Getting to the bottom of potato tuberization
How do plant leaves talk to roots and vice versa? Not a trivial question - it's a matter of how a plant coordinates what's happening above ground to what's happening underground. Plant leaves sense the environment and, having perceived appropriate conditions, transmit signals underground to roots, stolons and rhizomes.
Iowa State Horticulture professor David Hannapel has found in his studies that the signal is an RNA, a messenger RNA. That would have been unheard of ten years ago. Messenger RNA was thought to stay within a cell slavishly carrying information from the nucleus to cytoplasm.
Using the potato as a model, Hannapel has shown that shorter days cue leaves to export RNA down the vascular system of the plant, signaling stolons to tuberize. The results of this study are described in The Plant Cell, "Dynamics of a Mobile RNA of Potato Involved in a Long-Distance Signaling Pathway," December 22, 2006.

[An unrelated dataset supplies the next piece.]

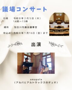 開場は13時半、14時開演。終演予定は15時の1時間のコンサートです。

Hannapel's study showed that a particular RNA that encodes a protein called BEL 5 is signaled to move by short days. This was demonstrated by growing plants under both long-day and short-day conditions and measuring the accumulation of BEL 5 throughout the plant. Under short days, higher levels of BEL 5 RNA were found at base than at the top of the plant, and concentrations increased through the stem to the stolon tip indicating that the BEL 5 RNA had traveled. The concentration levels were the reverse for plants grown under long day conditions.
Experiments also showed that untranslated ends of the BEL 5 RNAs contain the travel information. What Hannapel calls "chaperone" proteins bind to untranslated regions of the RNA and carry it to other regions of the plant.
"When we looked at plants with just the coding sequence, the BEL 5 RNA wouldn't move in response to short days. But when we looked at them with the untranslated regions it did move in response to short days," Hannapel said. He added that the photoperiod seems to regulate the process.
Increased movements of BEL 5 RNA toward the bottom of the plant were correlated with enhanced tuber production - overexpression of BEL 5 consistently resulted in shorter growing periods and higher yields. A higher yielding potato could be a future application of this work and would be particularly useful in developing countries. In the meantime, Hannapel said, this model system will help scientists to better understand the process of tuberization and the role of mobile RNAs in development. Hannapel's research has been supported by the Plant Sciences Institute and the National Science Foundation.